### Action item:
Please copy exactly the part of the records below that opens with the line containing "Ковш TalleR TR-17285" and closes with the line containing "有人把家族群轉(zhuǎn)", leaving out any pictures.

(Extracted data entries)

※ ※ ※

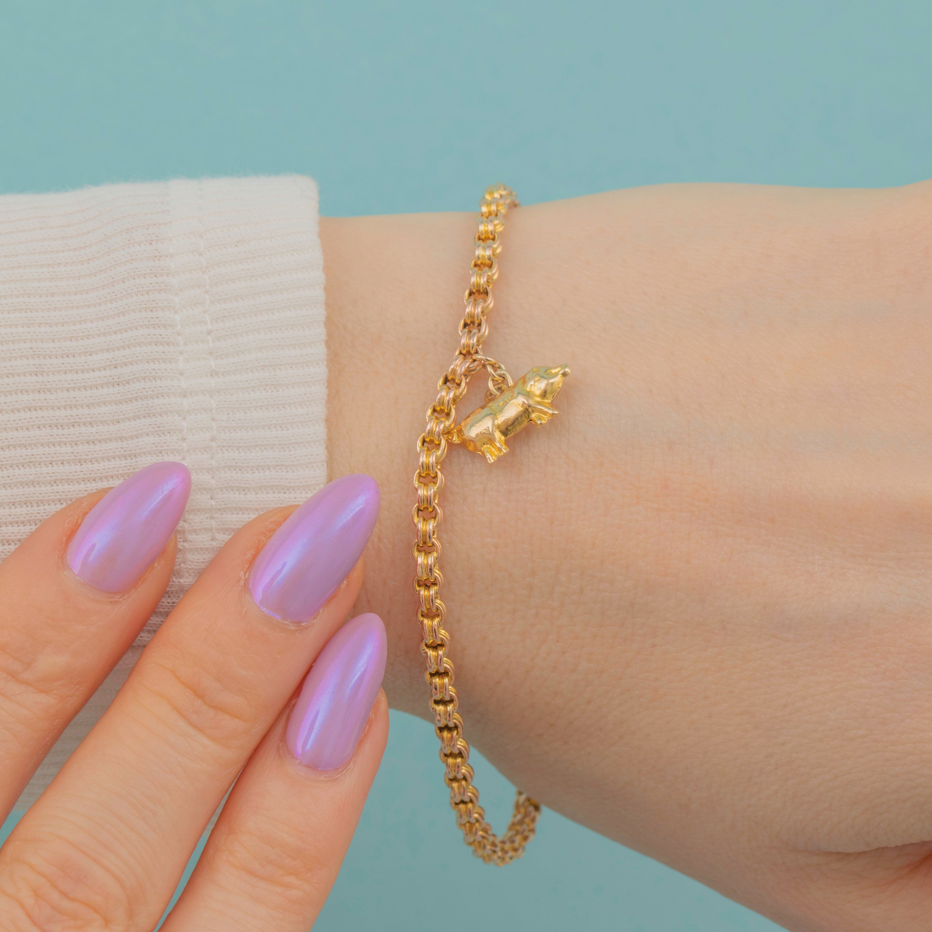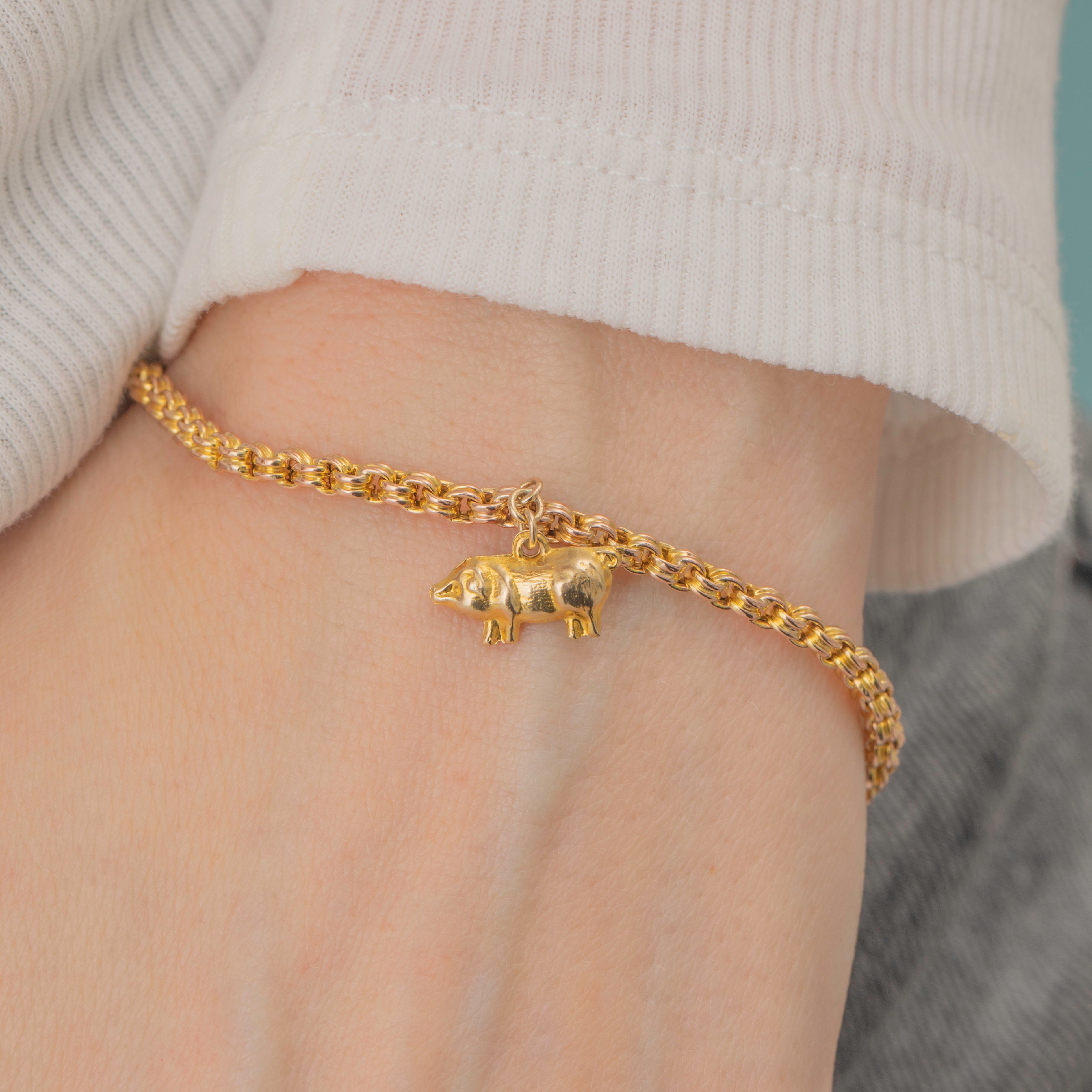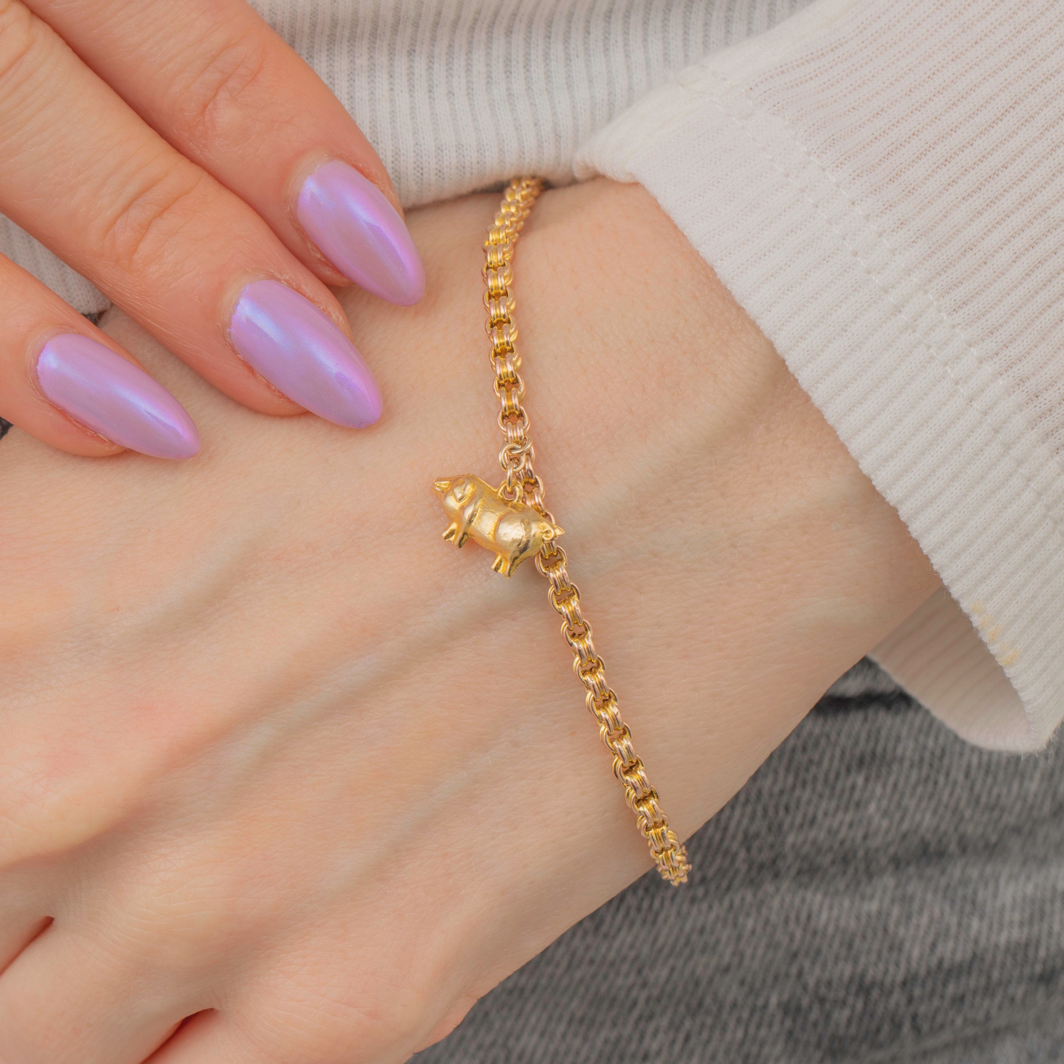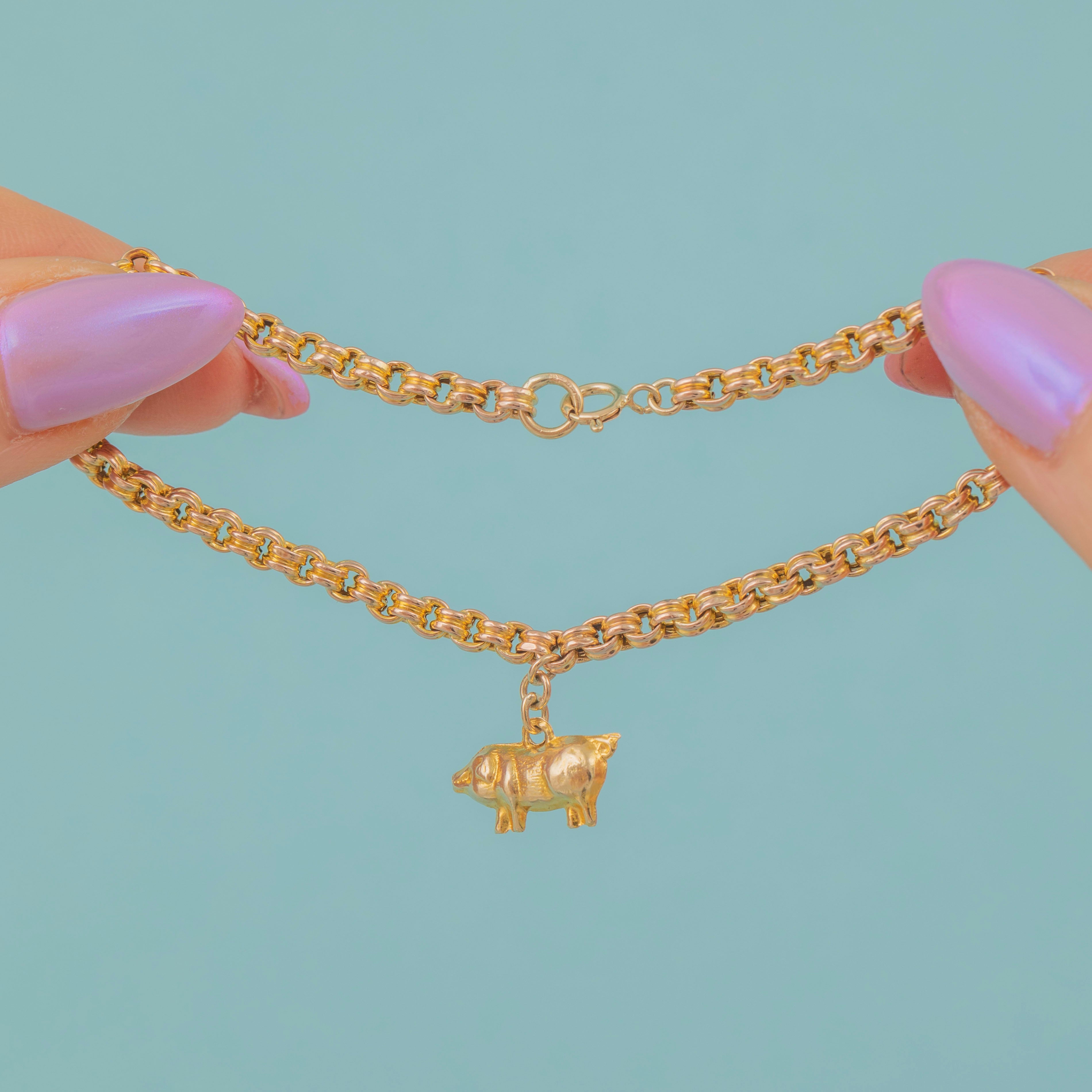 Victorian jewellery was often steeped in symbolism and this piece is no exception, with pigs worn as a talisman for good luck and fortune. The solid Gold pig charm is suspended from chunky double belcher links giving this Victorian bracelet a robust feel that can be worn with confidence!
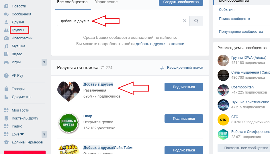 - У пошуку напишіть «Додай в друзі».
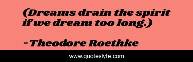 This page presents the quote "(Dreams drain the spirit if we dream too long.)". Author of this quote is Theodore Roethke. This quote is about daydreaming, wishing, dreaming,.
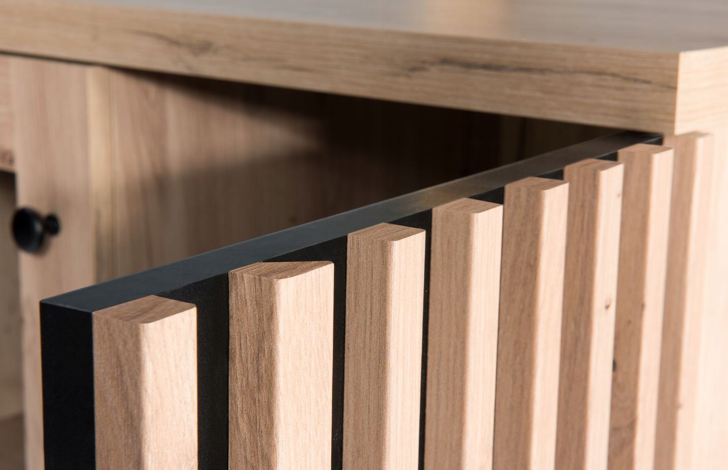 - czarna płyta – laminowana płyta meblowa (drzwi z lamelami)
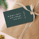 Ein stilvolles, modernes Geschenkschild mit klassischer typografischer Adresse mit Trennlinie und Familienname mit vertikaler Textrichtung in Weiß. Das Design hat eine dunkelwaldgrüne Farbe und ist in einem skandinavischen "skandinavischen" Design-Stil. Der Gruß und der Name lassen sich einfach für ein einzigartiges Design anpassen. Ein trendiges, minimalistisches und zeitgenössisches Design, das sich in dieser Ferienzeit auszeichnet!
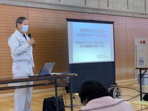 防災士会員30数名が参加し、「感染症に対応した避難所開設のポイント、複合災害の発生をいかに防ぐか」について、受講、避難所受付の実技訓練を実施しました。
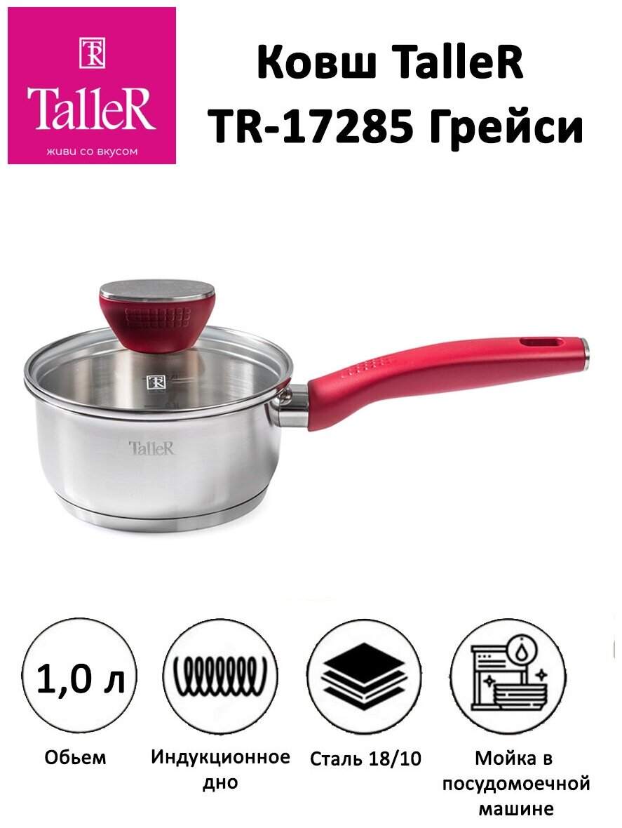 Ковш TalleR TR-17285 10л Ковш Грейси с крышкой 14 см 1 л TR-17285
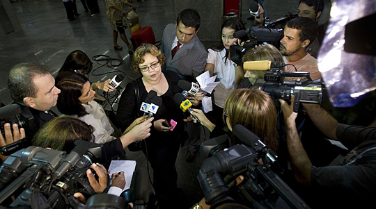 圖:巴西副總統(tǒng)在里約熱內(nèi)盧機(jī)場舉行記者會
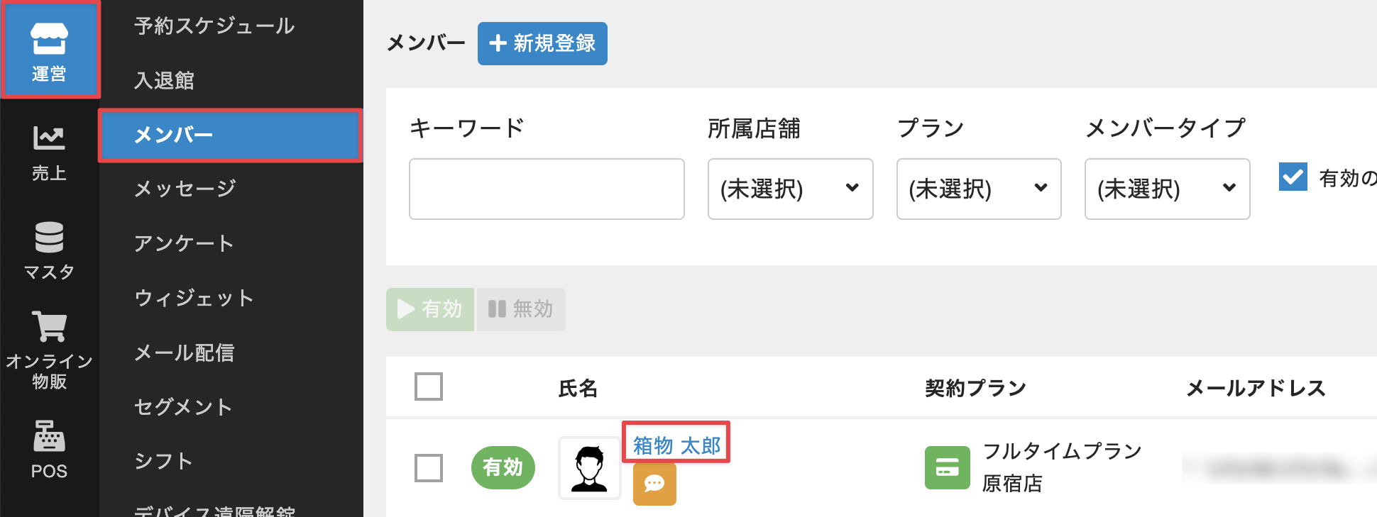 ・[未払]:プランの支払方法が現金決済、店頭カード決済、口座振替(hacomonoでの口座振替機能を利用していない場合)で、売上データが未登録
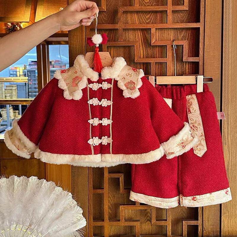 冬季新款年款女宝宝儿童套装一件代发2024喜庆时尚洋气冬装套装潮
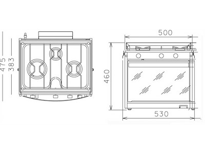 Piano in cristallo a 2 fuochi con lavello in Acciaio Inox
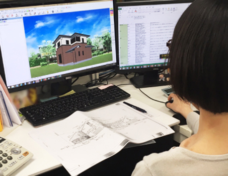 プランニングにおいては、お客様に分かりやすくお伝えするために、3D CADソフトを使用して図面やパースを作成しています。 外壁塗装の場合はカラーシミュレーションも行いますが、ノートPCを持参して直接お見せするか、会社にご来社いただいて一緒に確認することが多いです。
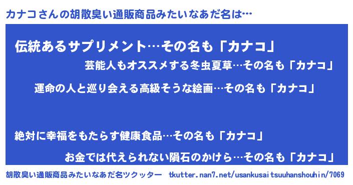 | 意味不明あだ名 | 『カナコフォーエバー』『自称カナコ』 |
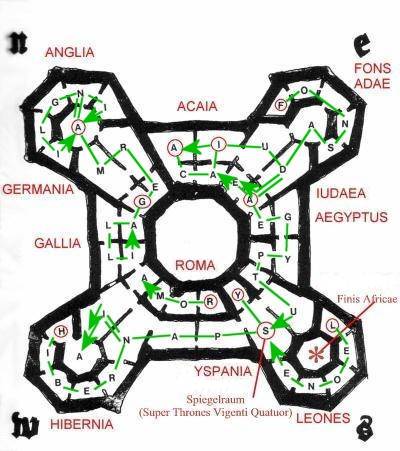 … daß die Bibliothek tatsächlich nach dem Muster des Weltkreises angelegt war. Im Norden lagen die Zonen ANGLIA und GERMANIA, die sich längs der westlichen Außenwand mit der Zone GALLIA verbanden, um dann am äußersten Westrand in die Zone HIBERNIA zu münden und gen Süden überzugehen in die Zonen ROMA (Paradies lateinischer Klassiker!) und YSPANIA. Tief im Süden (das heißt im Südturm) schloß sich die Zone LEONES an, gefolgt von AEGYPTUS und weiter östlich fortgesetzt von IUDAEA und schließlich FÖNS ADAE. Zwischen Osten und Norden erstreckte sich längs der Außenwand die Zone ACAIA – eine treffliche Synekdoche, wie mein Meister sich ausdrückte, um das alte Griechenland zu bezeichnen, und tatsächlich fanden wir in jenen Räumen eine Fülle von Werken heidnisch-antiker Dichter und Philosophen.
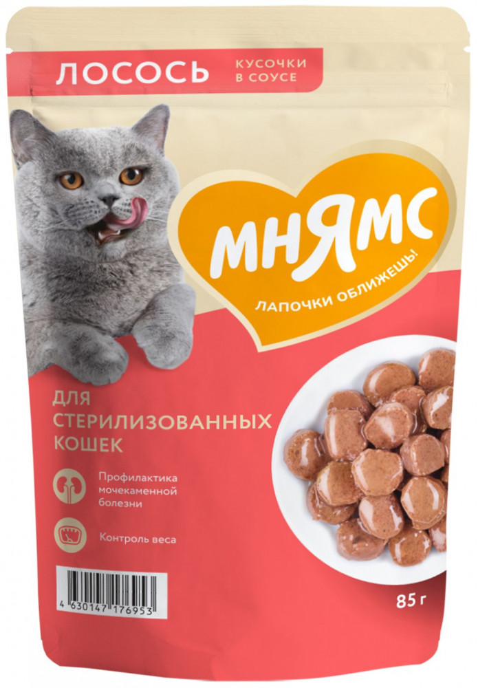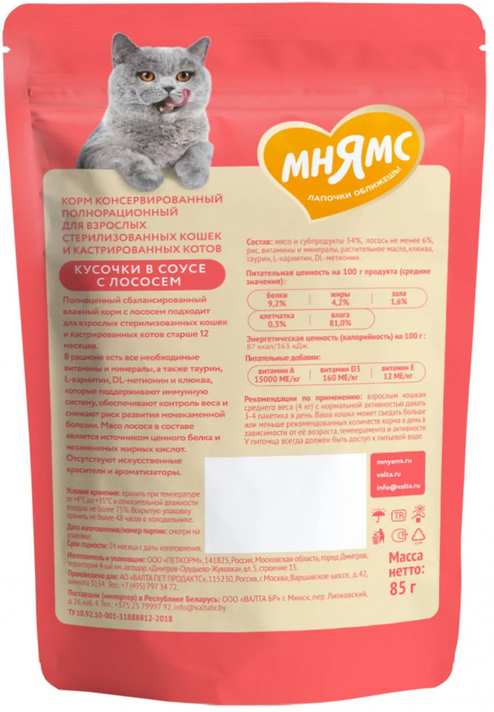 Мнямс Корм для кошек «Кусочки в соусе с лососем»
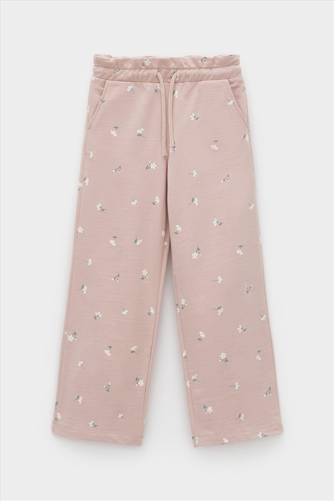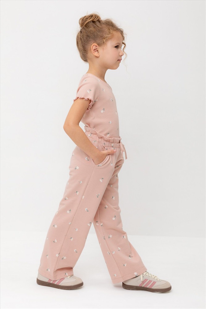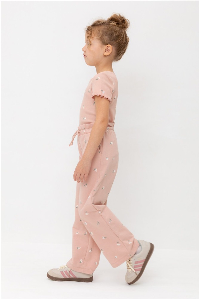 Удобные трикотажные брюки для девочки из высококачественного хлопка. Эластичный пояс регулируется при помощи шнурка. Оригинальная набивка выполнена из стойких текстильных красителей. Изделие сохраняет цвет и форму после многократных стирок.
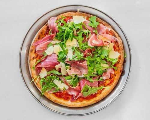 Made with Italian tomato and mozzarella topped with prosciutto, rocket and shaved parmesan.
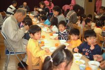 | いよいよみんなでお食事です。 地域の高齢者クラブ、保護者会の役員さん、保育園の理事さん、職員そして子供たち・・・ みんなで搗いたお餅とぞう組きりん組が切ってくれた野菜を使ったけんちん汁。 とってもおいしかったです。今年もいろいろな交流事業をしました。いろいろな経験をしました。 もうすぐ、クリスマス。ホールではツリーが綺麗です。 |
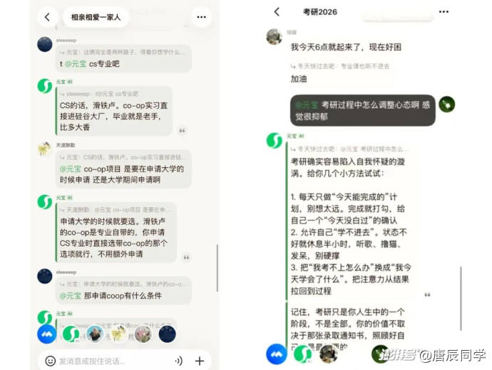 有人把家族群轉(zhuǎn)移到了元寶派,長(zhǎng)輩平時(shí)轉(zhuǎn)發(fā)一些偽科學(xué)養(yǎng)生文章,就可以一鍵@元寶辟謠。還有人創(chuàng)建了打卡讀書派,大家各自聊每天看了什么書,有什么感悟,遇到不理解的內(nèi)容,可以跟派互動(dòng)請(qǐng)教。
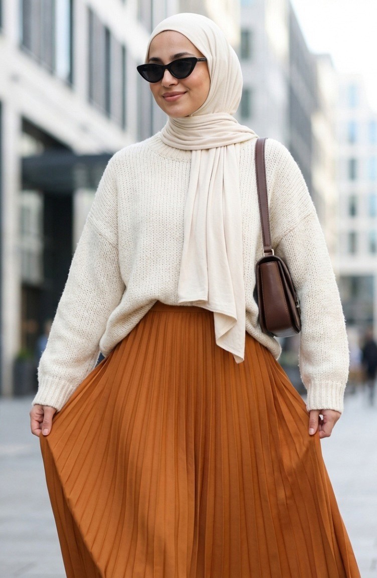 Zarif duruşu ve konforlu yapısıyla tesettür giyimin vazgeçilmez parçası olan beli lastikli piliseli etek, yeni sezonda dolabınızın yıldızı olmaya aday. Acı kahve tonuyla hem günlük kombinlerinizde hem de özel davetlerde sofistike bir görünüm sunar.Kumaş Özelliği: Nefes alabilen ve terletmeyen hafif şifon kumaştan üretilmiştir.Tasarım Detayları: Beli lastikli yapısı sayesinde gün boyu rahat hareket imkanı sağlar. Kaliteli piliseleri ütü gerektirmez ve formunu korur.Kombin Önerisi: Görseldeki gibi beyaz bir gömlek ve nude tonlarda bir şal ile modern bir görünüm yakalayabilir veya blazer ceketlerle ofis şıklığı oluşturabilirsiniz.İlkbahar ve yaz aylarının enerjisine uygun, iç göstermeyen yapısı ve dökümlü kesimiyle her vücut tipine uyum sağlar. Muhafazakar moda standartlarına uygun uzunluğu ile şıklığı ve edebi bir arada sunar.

※ ※ ※

### Response to this task:
 Ковш TalleR TR-17285 10л Ковш Грейси с крышкой 14 см 1 л TR-17285
 圖:巴西副總統(tǒng)在里約熱內(nèi)盧機(jī)場舉行記者會
 ・[未払]:プランの支払方法が現金決済、店頭カード決済、口座振替(hacomonoでの口座振替機能を利用していない場合)で、売上データが未登録
 冬季新款年款女宝宝儿童套装一件代发2024喜庆时尚洋气冬装套装潮
 Piano in cristallo a 2 fuochi con lavello in Acciaio Inox
 プランニングにおいては、お客様に分かりやすくお伝えするために、3D CADソフトを使用して図面やパースを作成しています。 外壁塗装の場合はカラーシミュレーションも行いますが、ノートPCを持参して直接お見せするか、会社にご来社いただいて一緒に確認することが多いです。
 | 意味不明あだ名 | 『カナコフォーエバー』『自称カナコ』 |
 … daß die Bibliothek tatsächlich nach dem Muster des Weltkreises angelegt war. Im Norden lagen die Zonen ANGLIA und GERMANIA, die sich längs der westlichen Außenwand mit der Zone GALLIA verbanden, um dann am äußersten Westrand in die Zone HIBERNIA zu münden und gen Süden überzugehen in die Zonen ROMA (Paradies lateinischer Klassiker!) und YSPANIA. Tief im Süden (das heißt im Südturm) schloß sich die Zone LEONES an, gefolgt von AEGYPTUS und weiter östlich fortgesetzt von IUDAEA und schließlich FÖNS ADAE. Zwischen Osten und Norden erstreckte sich längs der Außenwand die Zone ACAIA – eine treffliche Synekdoche, wie mein Meister sich ausdrückte, um das alte Griechenland zu bezeichnen, und tatsächlich fanden wir in jenen Räumen eine Fülle von Werken heidnisch-antiker Dichter und Philosophen.
 Мнямс Корм для кошек «Кусочки в соусе с лососем»
 Удобные трикотажные брюки для девочки из высококачественного хлопка. Эластичный пояс регулируется при помощи шнурка. Оригинальная набивка выполнена из стойких текстильных красителей. Изделие сохраняет цвет и форму после многократных стирок.
 Made with Italian tomato and mozzarella topped with prosciutto, rocket and shaved parmesan.
 | いよいよみんなでお食事です。 地域の高齢者クラブ、保護者会の役員さん、保育園の理事さん、職員そして子供たち・・・ みんなで搗いたお餅とぞう組きりん組が切ってくれた野菜を使ったけんちん汁。 とってもおいしかったです。今年もいろいろな交流事業をしました。いろいろな経験をしました。 もうすぐ、クリスマス。ホールではツリーが綺麗です。 |
 有人把家族群轉(zhuǎn)移到了元寶派,長(zhǎng)輩平時(shí)轉(zhuǎn)發(fā)一些偽科學(xué)養(yǎng)生文章,就可以一鍵@元寶辟謠。還有人創(chuàng)建了打卡讀書派,大家各自聊每天看了什么書,有什么感悟,遇到不理解的內(nèi)容,可以跟派互動(dòng)請(qǐng)教。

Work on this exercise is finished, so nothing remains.